Figure 9: Western blot of yeast strain OV3 (XLHCGR-sfGFP) with anti-GFP | 9A: OV3, soluble fraction. Clear bands are seen for both tested samples, as well as for the positive control. 9B: OV3 insoluble fraction. Faint bands are seen for both tested samples, as well as for the positive control. Strain OV1 was used as a negative control and showed no expression of sfGFP.

Expected band sizes are of 107 kDa. XLHCGR-Li-sfGFP was found in the soluble fraction, indicating its presence within the cytosol and not anchored to the plasma membrane as expected. Also, the band size around 32 kDa indicates that the receptor might have been expressed in a truncated form.

To further examine receptor expression, confocal microscopy was performed on strains OV2 and OV3 (expressing GPER-Li-sfGFP and XLHCGR-sfGFP, respectively). Results were compared to the negative control strain OV1 (Fig. 10 and Fig. 11).

Figure 10: Confocal microscopy of strains OV1 and OV2 | 10A and 10B: Strain OV2 expressing GPER-sfGFP, fluorescence and bright field, respectively. 10C and 10D: Positive control strain, constitutively expressing sfGFP, fluorescence and bright field, respectively 10E and 10F: Strain OV1 expressing empty vectors, fluorescence and bright field, respectively.

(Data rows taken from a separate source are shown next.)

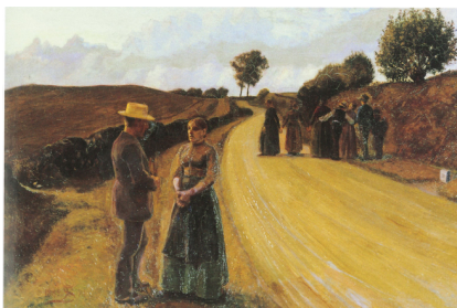
Fritz Syberg: Aften og Erotik. 1888-1891. Olie på lærred. 102 x 152 cm. Nasjonalmuseum Stockholm
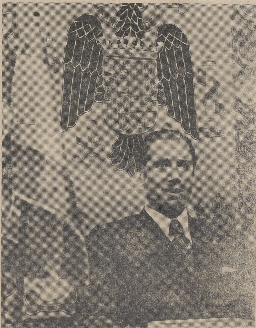
Se encuentra en Madrid el ministro de Asuntos Exteriores de Portugal, Sr. Rui Patrício, que aparece en la presente foto de Europa Press, durante una conferencia de Prensa en la sala de honor del aeropuerto, poco después de su llegada a Barajas, donde fue recibido por su colega español, señor López Bravo, en compañía del cual pasó revista a las tropas que le rindieron honores. Hoy, como se da cuenta en la noticia de arriba, el ministro portugués ha sido recibido por S. E. el Jefe del Estado español.
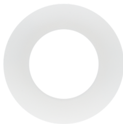
Anel de cobertura PD9 Ø 36 mm Número: 92238

Dimensões: Ø 36 mm Involucro: Policarbonato resistente aos raios UV Cor do material: antracite brilho
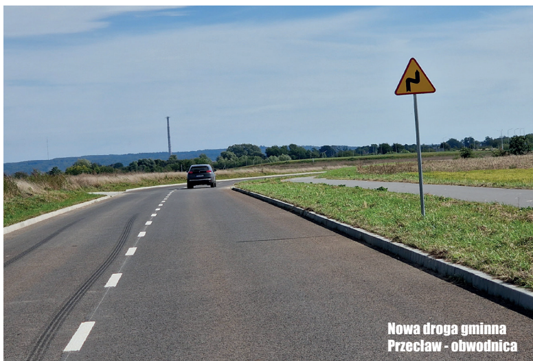
Nowa droga gminna Przeclaw - obwodnica
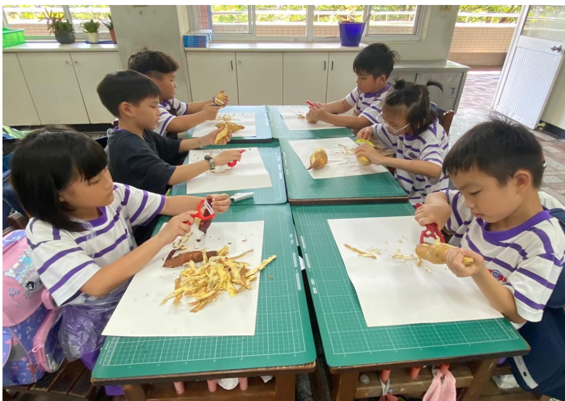
辦理大新小食農-分工合作幫番薯削皮
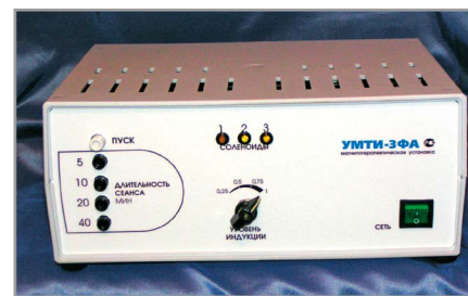
Рис. 5. Лицевая панель блока управления установкой УМТИ-3ФА

Ассортимент магнитотерапевтической аппаратуры выпускает и ООО НПЦ «ММЦ «Мадин» (г. Нижний Новгород). Это магнитотерапевтические установ-
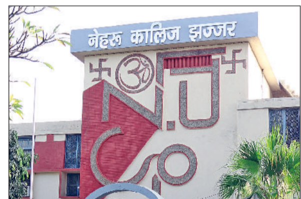
झज्जर। राजकीय स्नातकोत्तर नेहरू महाविद्यालय भवन का फाईल फोटो।
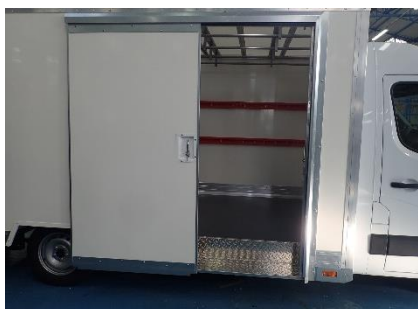
Emmarchement intérieur latéral
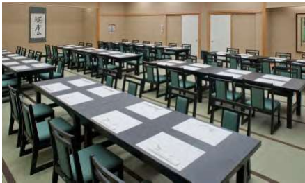
瑞雲 2F 80名様まで

大広間となります。マイクなど音響設備もございますので、会議や発表会、宴会、ご婚礼などにもご利用いただけます。 真ん中で区切り、30名様ほどの部屋にもできます。
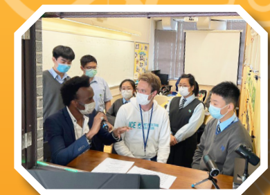
Lunchtime English Radio Programme
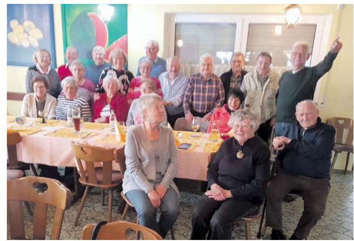
Bei der letzten Mitgliederversammlung des Fidelio.
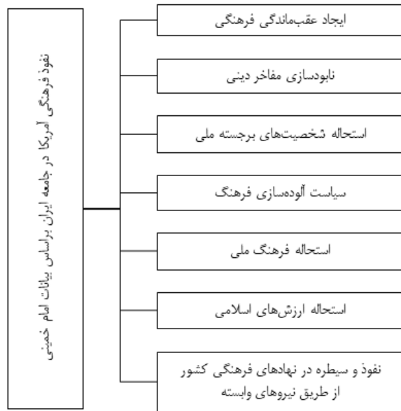
شکل شماره ۳. شیوه و راهبردهای نفوذ فرهنگی در جامعه ایرانی براساس بیانات امام خمینی

در راستای همین سیاست بوده که علاوه بر اقتصاد، سیاست و امور نظامی، آمریکا در امور فرهنگی ایران نیز مداخله و نفوذ داشته است (صحیفه امام، ج ۴: ۴۶۵). برخی از گزاره‌های استخراج‌شده از بیانات امام خمینی در زمینه نفوذ فرهنگی آمریکا به شرح زیر است: آمریکا بر نهادهای فرهنگی ایران سیطره داشته است؛ آمریکا در صدد نابودی مفاخر اسلامی و ملی ایرانیان است؛ و آمریکا عامل استحاله فرهنگ دینی و ملی ایران بوده است.

The confocal images above further confirmed the expression of the GPER conjugated to sfGFP in strain OV2. Furthermore, they confirmed the proper alignment of the receptor, as sfGFP is tagged to the C-terminus of the receptors, which is expressed inside the cell. When comparing the images of the OV2 strain to the positive control, it is evident that the receptor is localized to the plasma membrane, as we see a concentric ring in the yeast cells. As expected, no fluorescence was observed in the negative control strain OV1.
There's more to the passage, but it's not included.